How To Get Alzheimer's Care

Caring for alzheimer's patient

If someone you love has been diagnosed with Alzheimer's Disease and is no longer able to take care of him or herself, you may need some help in finding a skilled nursing home or extended care facility that will provide the level of care the patient will need. Here are some tips to help you with this difficult task:

  1. Recognize that caring for a patient with Alzheimer's Disease is a full-time responsibility and you may not be able to handle it alone.
  2. Understand that for early stage Alzheimer's, an assisted living facility may be enough care, but for patients in a more advanced stage, full-time, live-in care will likely be most appropriate.
  3. Find out what local services exist in your community that can help.
  4. Compile a list of nursing homes and extended care facilities in the area that are trained to take care of Alzheimer's patients, or find such a list that already exists.
  5. Ask your physician for a referral to a nursing home or other extended care facility.
  6. Call your local social services or elder care office for further recommendations of appropriate options.

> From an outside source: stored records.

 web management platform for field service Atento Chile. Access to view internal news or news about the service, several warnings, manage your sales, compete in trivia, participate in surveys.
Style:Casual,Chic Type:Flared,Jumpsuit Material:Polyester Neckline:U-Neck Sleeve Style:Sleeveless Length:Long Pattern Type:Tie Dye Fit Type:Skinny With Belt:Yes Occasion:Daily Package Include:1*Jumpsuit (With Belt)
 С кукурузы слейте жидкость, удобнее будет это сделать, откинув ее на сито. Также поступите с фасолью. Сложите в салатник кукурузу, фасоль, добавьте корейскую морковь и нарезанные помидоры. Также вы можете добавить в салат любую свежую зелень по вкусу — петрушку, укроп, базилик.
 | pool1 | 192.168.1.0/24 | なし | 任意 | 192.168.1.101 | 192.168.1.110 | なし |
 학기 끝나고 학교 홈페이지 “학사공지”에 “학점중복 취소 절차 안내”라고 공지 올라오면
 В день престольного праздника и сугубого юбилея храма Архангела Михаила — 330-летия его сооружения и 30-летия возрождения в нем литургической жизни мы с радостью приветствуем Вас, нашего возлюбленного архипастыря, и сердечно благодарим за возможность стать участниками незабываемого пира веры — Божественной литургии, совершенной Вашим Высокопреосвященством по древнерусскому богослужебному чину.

  7. Understand that many states don't have a special licensing for Alzheimer's or dementia care, so you need to look carefully to be sure that any place you select is indeed qualified.
  8. Visit several facilities that are accepting new patients and find out what they have to offer.

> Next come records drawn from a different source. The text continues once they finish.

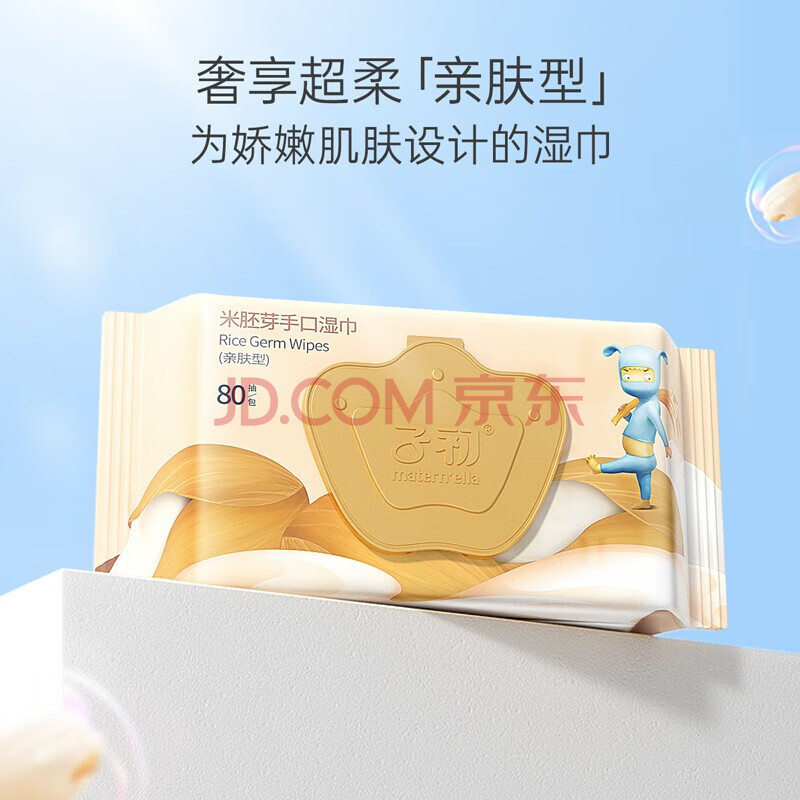商品相册:子初米胚芽手口湿巾80抽*12包加厚亲肤型柔湿纸巾家用湿用盒装带盖第
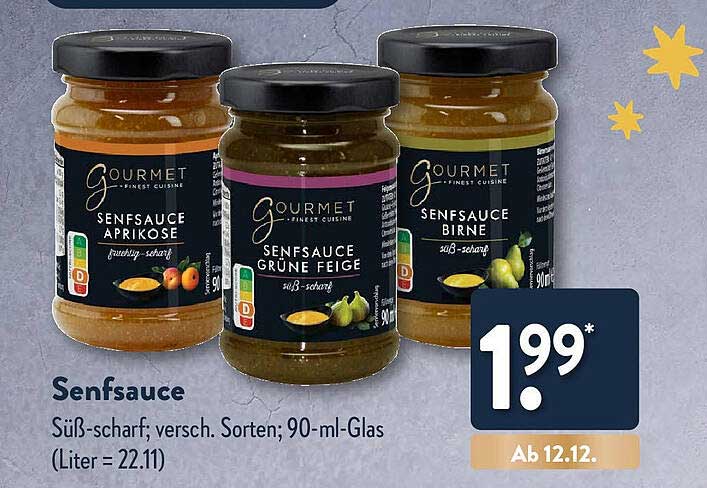 Möchten Sie sofort informiert werden, sobald das Senfsauce im Angebot ist? Melden Sie sich für unsere Angebots-Benachrichtigungen an. So erhalten Sie eine Benachrichtigung, sobald das Produkt zu einem günstigen Preis verfügbar ist.
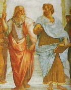 a イデア![]() ラファエロが描くプラトン(左)とアリストテレス(右) | プラトンの思想の中核となる言葉で、不完全な現実の世界に対して、完全で真実である世界をイデアといい、プラトンによればそれは実存するのだ、という。彼はそれを説明するのに、有名な「洞窟の比喩」を使う。つまり、仮に牢獄である洞窟に閉じこめられていて、外の世界を知らない人は、外界から差し込む光による影だけが現実のものとして映る。それと同じように、実際の人が見ている現実は、イデア界の影にすぎないのだ、という。このプラトンの考えは、師のソクラテスから引き継いだ、ソフィストたちの相対主義的を克服して絶対的な「真理の探究」をめざすものであった。その弟子のアリストテレスは、プラトンのイデア論に対し、現実を真実のものと見ることを主張した。両者の考えの違いは、大まかに言えばプラトンの観念論とアリストテレスの経験論という二つの大きな潮流の源流となり、後の西洋の哲学に流れ込んでいく。 Epi. ラファエロの『アテネの学堂』にみるプラトンとアリストテレス ルネサンスの画家ラファエロの作品にヴァチカン宮殿「署名の間」の壁画『アテネの学堂』がある。倫理の教科書などでお目にかかるかもしれない。その中央に描かれている二人、左がプラトンで右がアリストテレスである。その二人の手をよく見ると、プラトンは天上を指し、アリストテレスは地上をさしている。これはプラトンがイデア界に真理が存在すると主張したのに対し、アリストテレスが現実の中に真実があると反論していることを示している。アテネの学堂、つまりアカデメイアにおける二人の論争を描いているわけである。なお、この巨大な壁画にはギリシアの哲学者や科学者を描いているが、ラファエロや同時代の画家をモデルにしたという。一説には、プラトンはダ=ヴィンチをモデルにしたらしく確かにその自画像とよく似ている。 |

  9. Notice if the residents appear well groomed and cared for, and ask if they have access to appropriate medical care.
  10. Ask how long the staff has been there and what type of training and supervision they have.
  11. Consider whether your loved one would feel comfortable in the surroundings.

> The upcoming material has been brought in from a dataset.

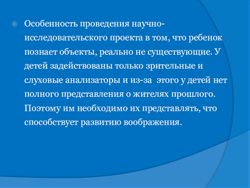 Слайд 21Особенность проведения научно-исследовательского проекта в том, что ребенок познает объекты, реально

  12. Find out how the facilities you like will care for your family member and meet his or her specific needs.
  13. Check to see if patients with dementia are cared for separately, as they have higher needs than more alert patients.
  14. Keep in mind that people with Alzheimer's generally do better in smaller locations, so if the facility is large, see if they have a special wing for this population.
  15. Learn what the costs and responsibilities will be and what options you have to pay for this care.
  16. Talk to a legal adviser about how best to handle the financial issues, since a person with Alzheimer's qualifies for long-term care under Medicaid only after most of the income and cash assets to care for him or her are gone.
  17. Always go with your instincts. After doing your homework and checking out the best options, let your gut feelings help you decide on how to proceed.